## What is needed
With the pictures omitted, repeat exactly the lines below starting with the line that has "时尚卡通可爱卡通KT猫毛毛鞋女款2025秋冬新款外穿少女心一字拖鞋" and going on through the line that has "ハウススタジオを貸し切りプラ".

::: Data shown

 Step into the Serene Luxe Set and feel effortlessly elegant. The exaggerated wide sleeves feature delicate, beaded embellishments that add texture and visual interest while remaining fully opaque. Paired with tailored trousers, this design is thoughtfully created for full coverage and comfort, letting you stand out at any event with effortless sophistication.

::::::
::: Data shown

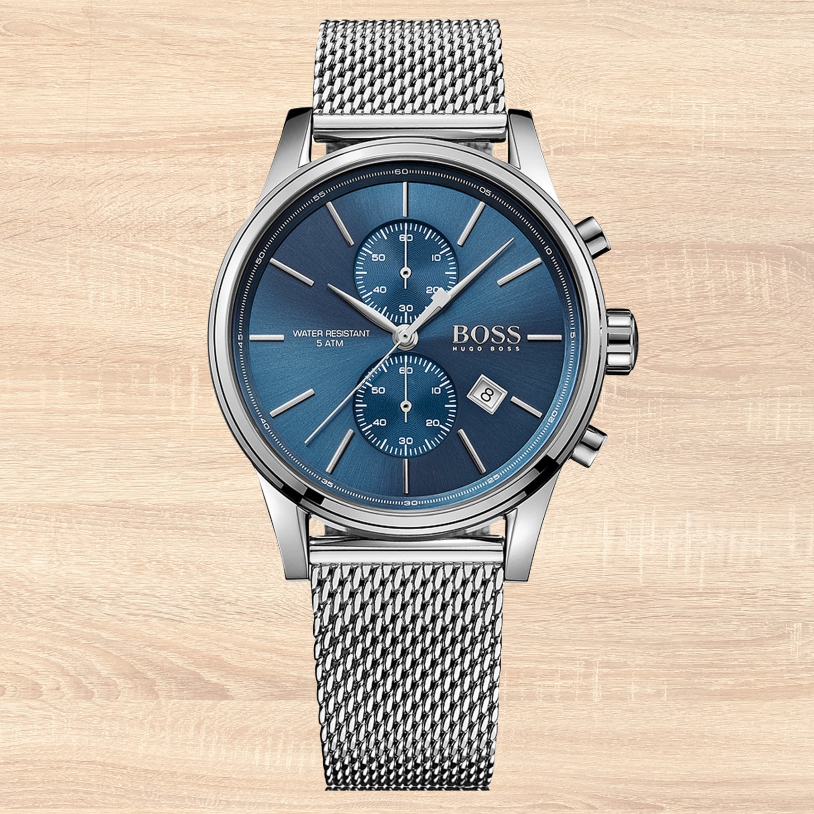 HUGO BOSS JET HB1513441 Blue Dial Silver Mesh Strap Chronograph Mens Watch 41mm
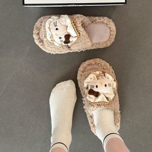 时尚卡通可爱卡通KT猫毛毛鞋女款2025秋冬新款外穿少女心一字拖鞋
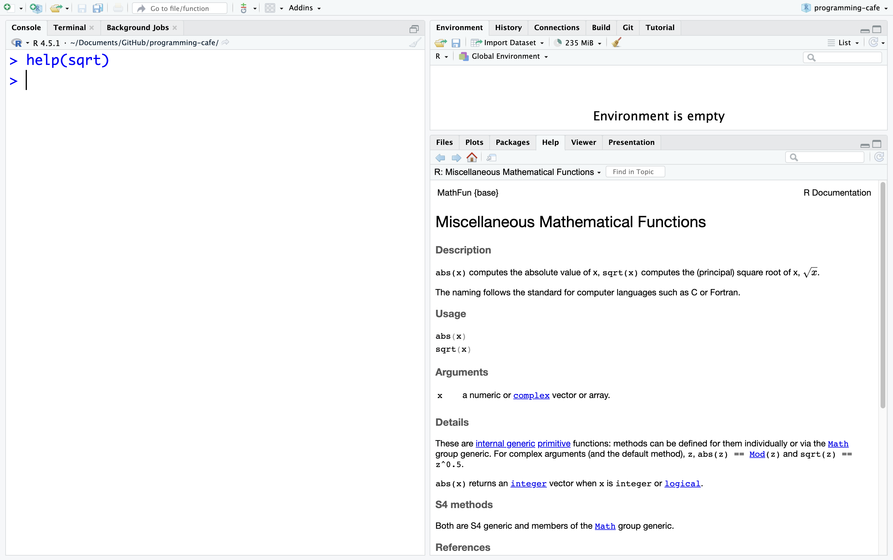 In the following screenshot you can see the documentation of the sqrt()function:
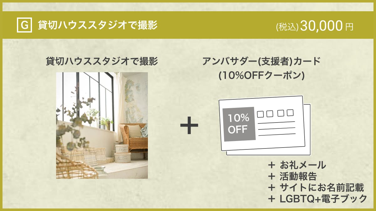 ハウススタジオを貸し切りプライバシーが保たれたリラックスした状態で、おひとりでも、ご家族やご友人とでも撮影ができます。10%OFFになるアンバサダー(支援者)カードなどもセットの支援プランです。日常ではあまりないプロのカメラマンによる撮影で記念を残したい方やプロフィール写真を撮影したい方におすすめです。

::::::

## Answer to this exercise
 时尚卡通可爱卡通KT猫毛毛鞋女款2025秋冬新款外穿少女心一字拖鞋
 In the following screenshot you can see the documentation of the sqrt()function:
 ハウススタジオを貸し切りプライバシーが保たれたリラックスした状態で、おひとりでも、ご家族やご友人とでも撮影ができます。10%OFFになるアンバサダー(支援者)カードなどもセットの支援プランです。日常ではあまりないプロのカメラマンによる撮影で記念を残したい方やプロフィール写真を撮影したい方におすすめです。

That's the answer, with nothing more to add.